Dispersal and competition have both been suggested to drive variation in adaptability to a new environment, either positively or negatively. A simultaneous experimental test of both mechanisms is however lacking. Here, we experimentally investigate how population dynamics and local adaptation to a new host plant in a model species, the two-spotted spider mite (Tetranychus urticae), are affected by dispersal from a stock population (no-adapted) and competition with an already adapted spider mite species (Tetranychus evansi). For the population dynamics, we find that competition generally reduces population size and increases the risk of population extinction. However, these negative effects are counteracted by dispersal. For local adaptation, the roles of competition and dispersal are reversed. Without competition, dispersal exerts a negative effect on adaptation (measured as fecundity) to a novel host and females receiving the highest number of immigrants performed similarly to the stock population females. By contrast, with competition, adding more immigrants did not result in a lower fecundity. Females from populations with competition receiving the highest number of immigrants had a significantly higher fecundity than females from populations without competition (same dispersal treatment) and than the stock population females. We suggest that by exerting a stronger selection on the adapting populations, competition can counteract the migration load effect of dispersal. Interestingly, adaptation to the new host does not significantly reduce performance on the ancestral host, regardless of dispersal rate or competition. Our results highlight that assessments of how species can adapt to changing conditions need to jointly consider connectivity and the community context.
Population sizes after 12 generations evolving on tomato plants under different treatments (dispersal/competition). Population sizes was measured as the number of adult females on the experimental complete tomato plants (before removing epigenetic effects).
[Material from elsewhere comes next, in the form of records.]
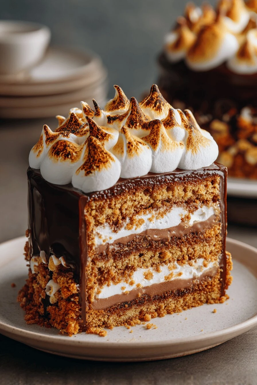 If your stacked layers start wobbling, chill the assembled cake for 15 minutes before adding the marshmallow topping. Keeps everything stable. Marshmallow stays pliable longer when the cake’s cold.
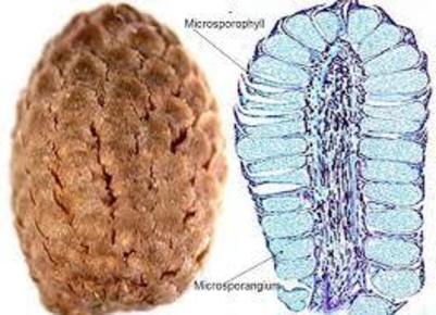 | this is a staminate cone. the diploid cone is made of small reproductive sites called microsprophylls which contain microsporangia.these microsporangia make microspropcytes which hare the microspore mother cell. these microsporocytes divide through meiosis into 4 haploid microspores inside the microsporangia and then divide through mitosis into a microgametophyte AKA a pollen grain. the pollen grains will be released from the cone an dispersed by wind through pollination. | |
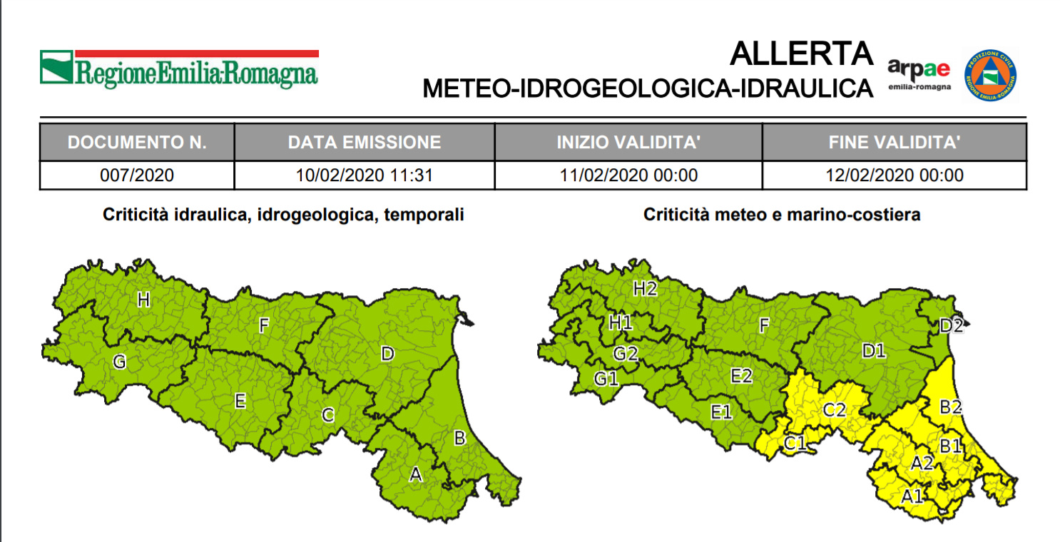 Zone interessate dall’allerta: A1 – Montagna Romagnola (FC-RN); A2 – Collina Romagnola (RA-FC-RN); B1 – Pianura Romagnola (RA-FC-RN); B2 – Costa Romagnola (RA-FCRN); C1 – Montagna Emiliana Orientale (BO); C2 – Collina Emiliana Orientale (BO-RA);
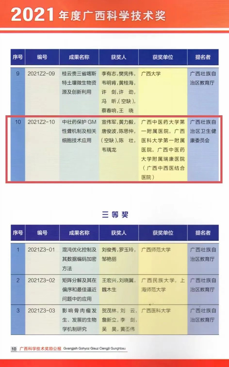 附属瑞康医院2项科研成果获广西科学技术奖
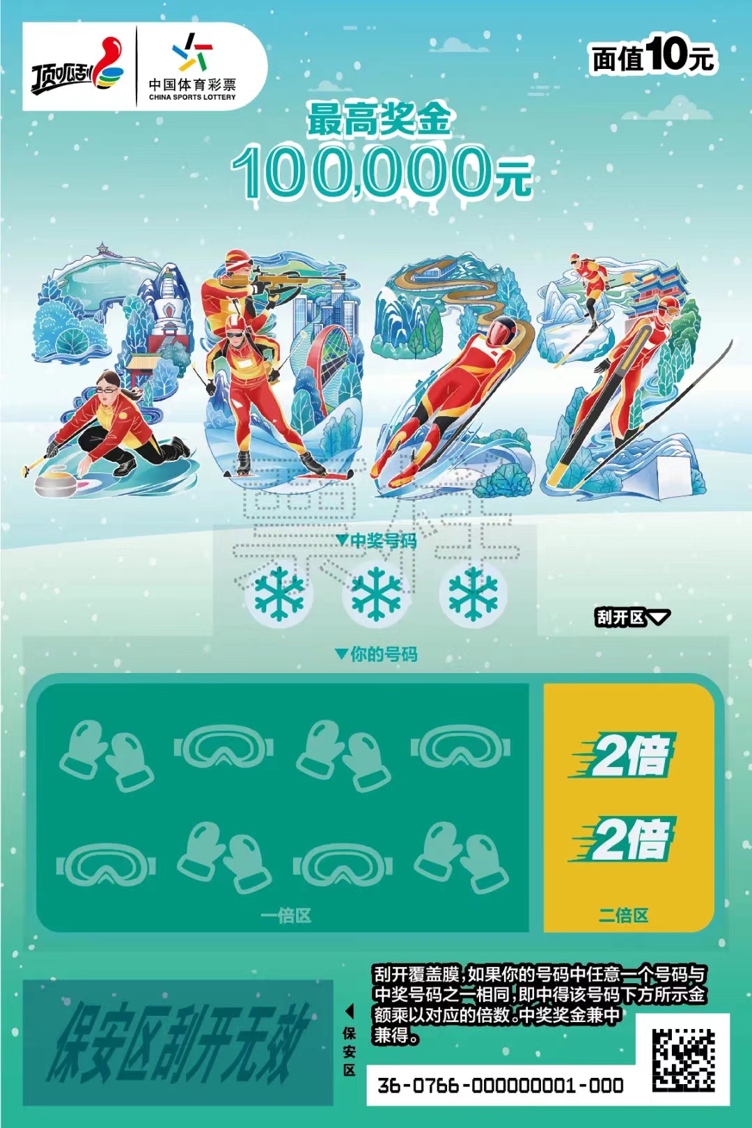 此前我們已經(jīng)介紹過(guò)體彩虎年生肖票了,而2022北京冬奧會(huì)是中國(guó)體育的第一盛宴,“2022”主題票面通過(guò)數(shù)字2022展現(xiàn)出中國(guó)體育健兒在冰雪運(yùn)動(dòng)中英姿颯爽,也號(hào)召大家喜迎北京冬奧、為中國(guó)體育加油。“2022”面值10元,游戲玩法為數(shù)字匹配,共有10次中獎(jiǎng)機(jī)會(huì),最高獎(jiǎng)金10萬(wàn)元。
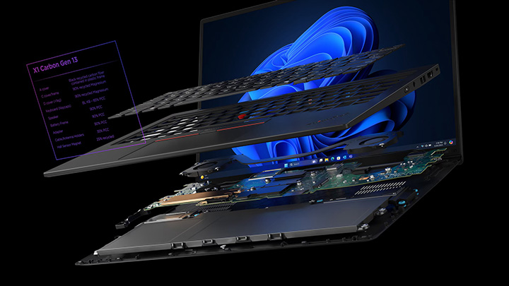 The Lenovo ThinkPad X1 Carbon Gen 12 (14" Intel) laptop still uses carbon fibre for the chassis—but better yet some of that carbon fibre is recycled from post-industrial remnants and is used along with 90% recycled magnesium. Plus, the chassis, the battery pack, the speaker enclosure, and the power adapter all include recycled post-consumer content. And that’s not all. The packaging is 100% plastic-free and comprised in part of rapid-renewable materials made from bamboo-sugar-cane fibre.
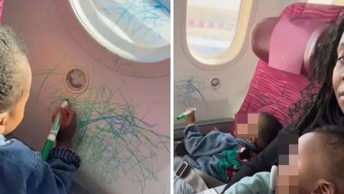 PenumpangΒ bocil menggunakan spidol untuk mencoret-coret kabin. Semoga bisa dihapus ya. Foto: Instagram via Bored Panda
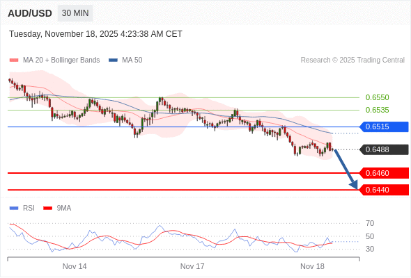 在 0.6515 之下,看跌,目标价位为 0.6460 ,然后为 0.6440 。
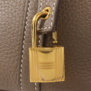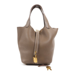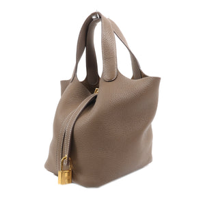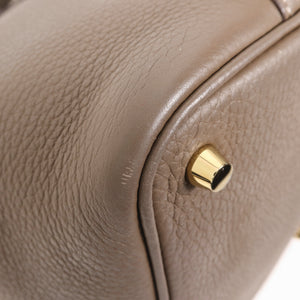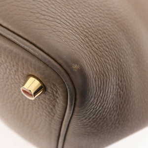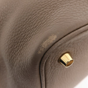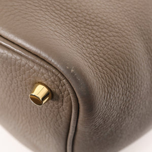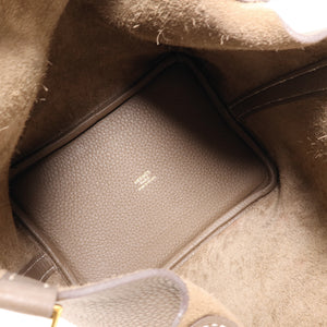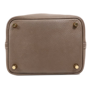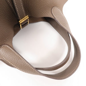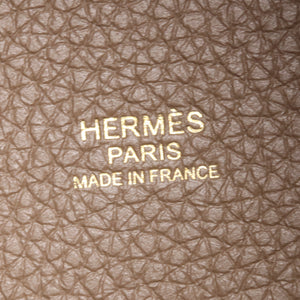HERMES GHW Picotin PM Handbag Clemence Leather Etoupe
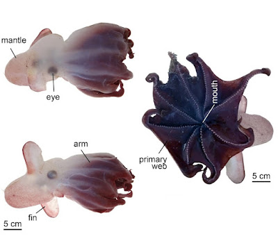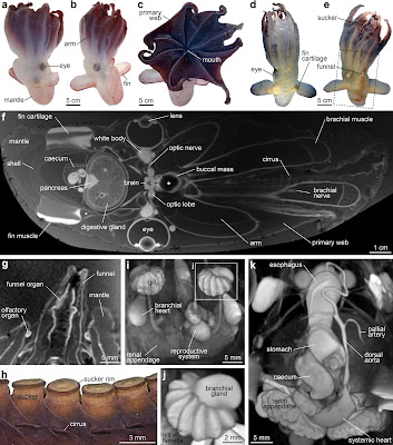 Alexander Ziegler and Christina Sagorny. 2021. Holistic Description of New Deep Sea Megafauna (Cephalopoda: Cirrata) using A Minimally Invasive Approach. BMC Biology. 19: 81. DOI: 10.1186/s12915-021-01000-9Alan J. Jamieson and Michael Vecchione. 2020. First in situ observation of Cephalopoda at hadal depths (Octopoda: Opisthoteuthidae: Grimpoteuthis sp.). Marine Biology. 167, 82. DOI 10.1007/s00227-020-03701-1 Open Access Footage captured of cephalopod at deepest ocean level ever observed
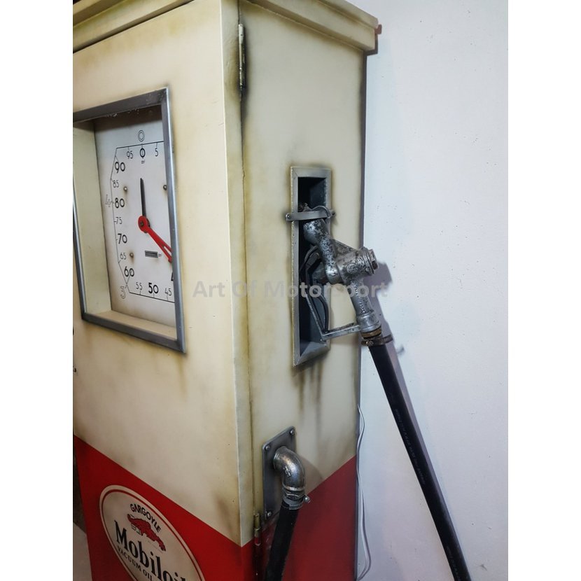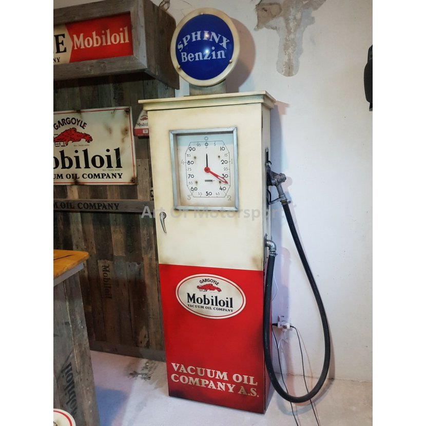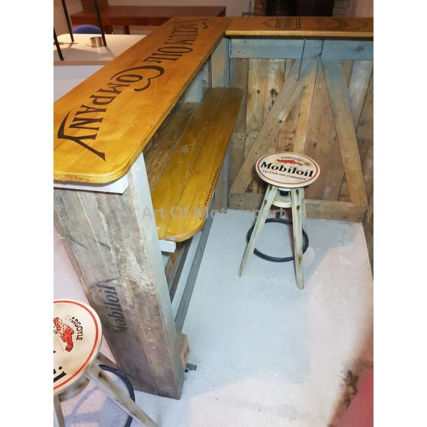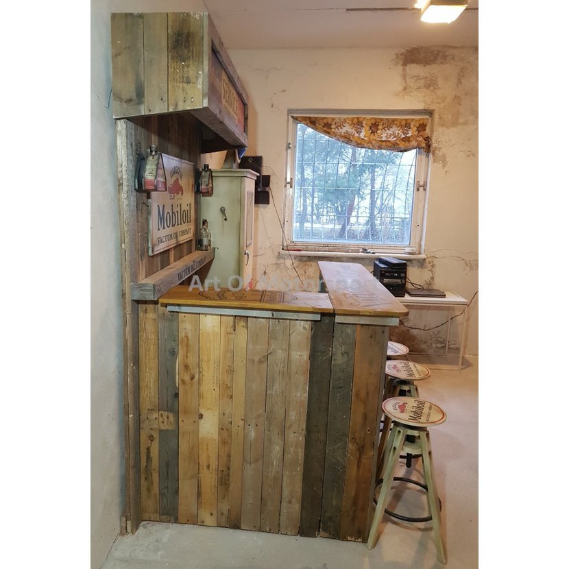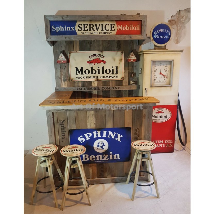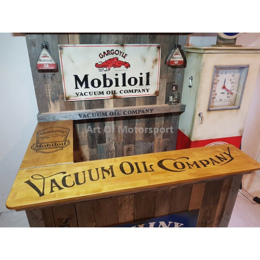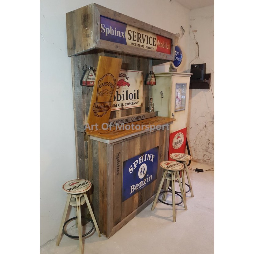 Cedule jsou nově pomalované plechy, světla (trojúhelníkové plechovky) a tankovací pistole jsou plastové odlitky. Bar staré dřevo, barová deska buk, mořená, lakovaná. Pumpa dřevotříska. Rozměry: šířka 221 cm, výška cca 225-235 cm (horní štít jde posouvat), hloubka složený 50 cm, vytažený 125 cm.
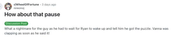 在Reddit的一个标题为“暂停一下怎么样”的帖子中,最初的发帖人写道:“这家伙真是噩梦,因为他不得不等瑞安醒来,告诉他他找到了谜题。”
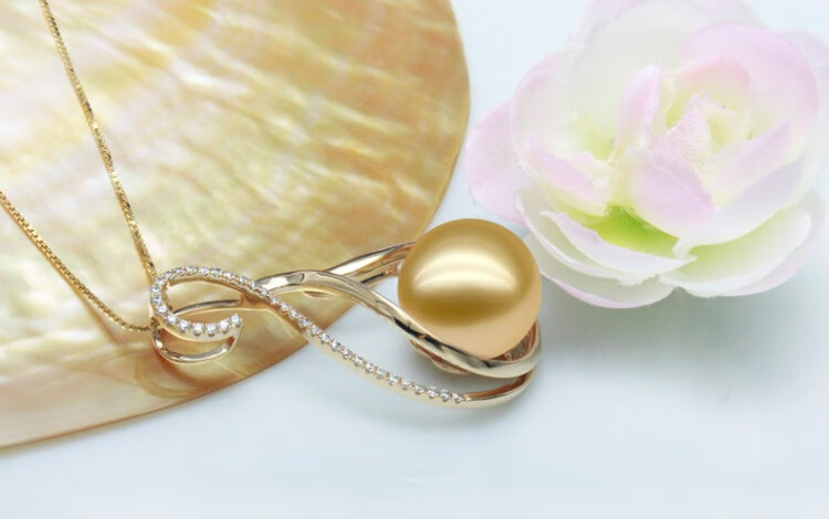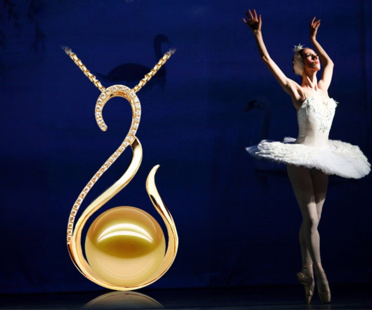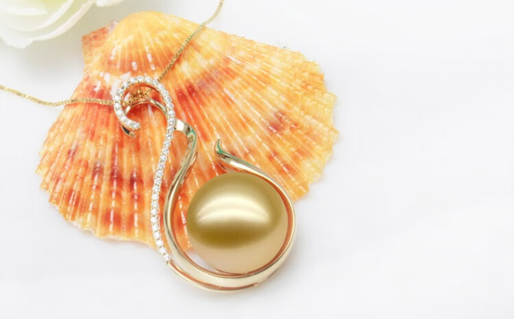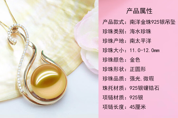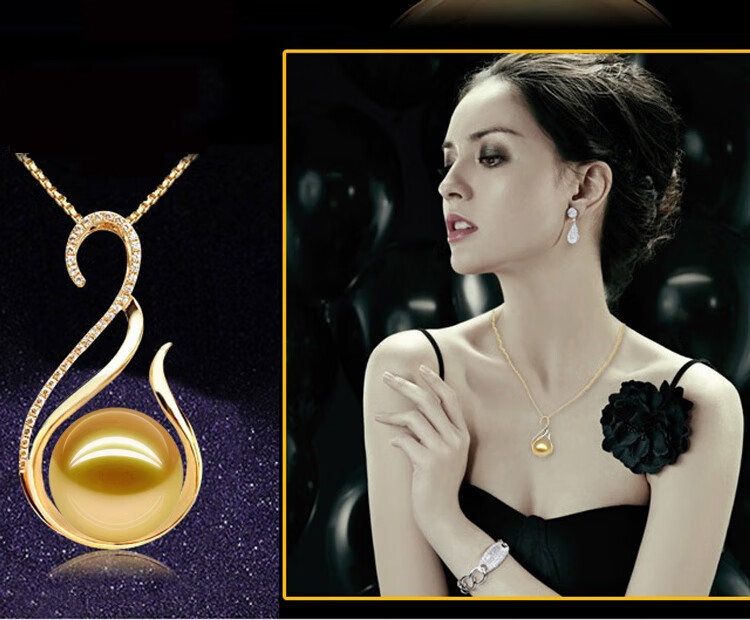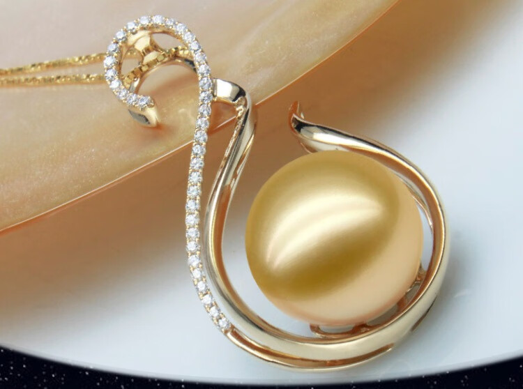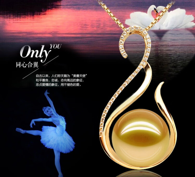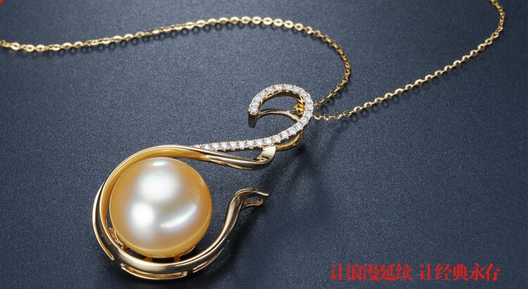 Drops of water form pearls. Nanyang Pearl Family 11-12mm Nanyang gold bead pendant 925 silver swan style is beautiful and decent gift.
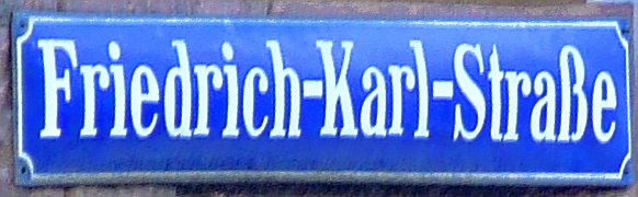 | 13:31, 3. Feb. 2008 | Mannheim Friedrich-Karl-Strasse Schild.jpg (Datei) | 38 KB | {{Bildbeschreibung|Straßenschild der Friedrich-Karl-Straße (Mannheim) |eigene Aufnahme |Rabe |2007-09-30 |- }} {{CC-by-nc-sa-2.5}} Kategorie:Bild (Rabe) Kategorie:Bild (Mannheim) | 1 | |
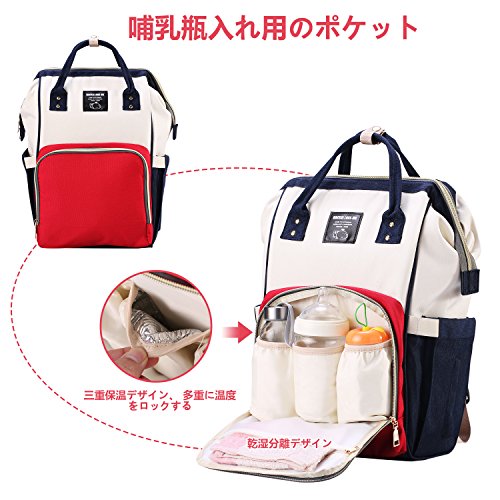 - ✤【大容量、収納力抜群】開口式大容量多機能のマザーズバッグ、収納力抜群で、複数のポケットがあります。保温ポケット付き、PEVA防水袋付き、食品級の材質、赤ちゃんの交叉感染を拒否する。実用的なマザーズバッグです。
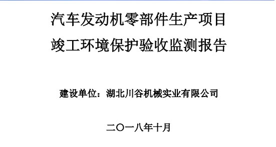 • 湖北川谷機械實業有限公司汽車發動機零部件生產項目竣工環境保護驗收公示2018-12-24
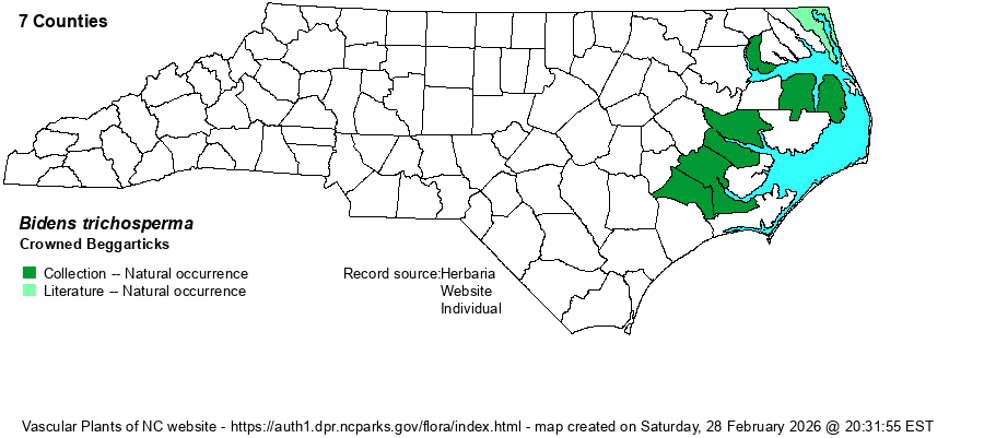 | Identification | Crowned Beggarticks is a tall (2-4 feet or more) and very slender (yet showy) plant. The leaves are divided into 3 or 5 (or 7) linear segments that may be hard to see amid surrounding vegetation. Heads are solitary on long stalks which arch outward, and are showy with bright yellow ray florets and orange-yellow disk florets; flowers reach at least 2 inches across. The skinny, usually untoothed or unlobed leaf segments separate it from other beggarticks, especially from B. mitis, another rare Bidens that has a similar range and habitat in NC. | |
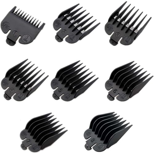 8 Pack Clipper Guards for Andis T Outliner, 1/32" to 11/4" Universal Guards Guides, Snap-on Blade Attachment Combs Set with Springs for Hair Clippers, Black

Population sizes of T. urticae after 9 generations evolving on tomato plants under different treatments of competition and dispersal. Population sizes are measured as number of adult females.
fecundity (number of eggs at day 6) and longevity (number of days females were alive) for females during the fitness tests after 20 generation evolving on tomato. Females were placed on detached bean and tomato leaves for 1 generation. Before the fitness test females were place on common garden (detached bean leaves) for 2 generations to remove juvenile and maternal effects. Dispersal treatments have 4 levels: 1 = 2mites/week, 2 = 3mites/week, 3 = 5mites/week, 4=10mites/week. Fecundity data for females that died of non-natural causes (drowned or disappeared) was excluded from the analysis (NA).
Fecundity (day 6) and longevity data for mites after 8 generations evolving on tomato plants. Data from the fitness test after removing juvenile and maternal effects. Females were placed individually on detached tomato and bean leaves for one generation. Dispersal treatments have 4 levels: 1 = 2mites/week, 2 = 3mites/week, 3 = 5mites/week, 4=10mites/week. Fecundity data for females that died of non-natural causes (drowned or disappeared) was excluded from the analysis (NA).
Fecundity (day 6) and longevity data on detached tomato and bean leaves (fitness test) after removal of juvenile and maternal effects. We used T. urticae females from the stock population (ST - a population reared on bean plants) and from a population that has been adapted to tomato (same strain as the stock population - London strain) for more than 100 generations (STa-reared on tomato plants, but originally coming from bean plants). Fecundity data for females that died of non-natural causes (drowned or disappeared) was excluded from the analysis (NA).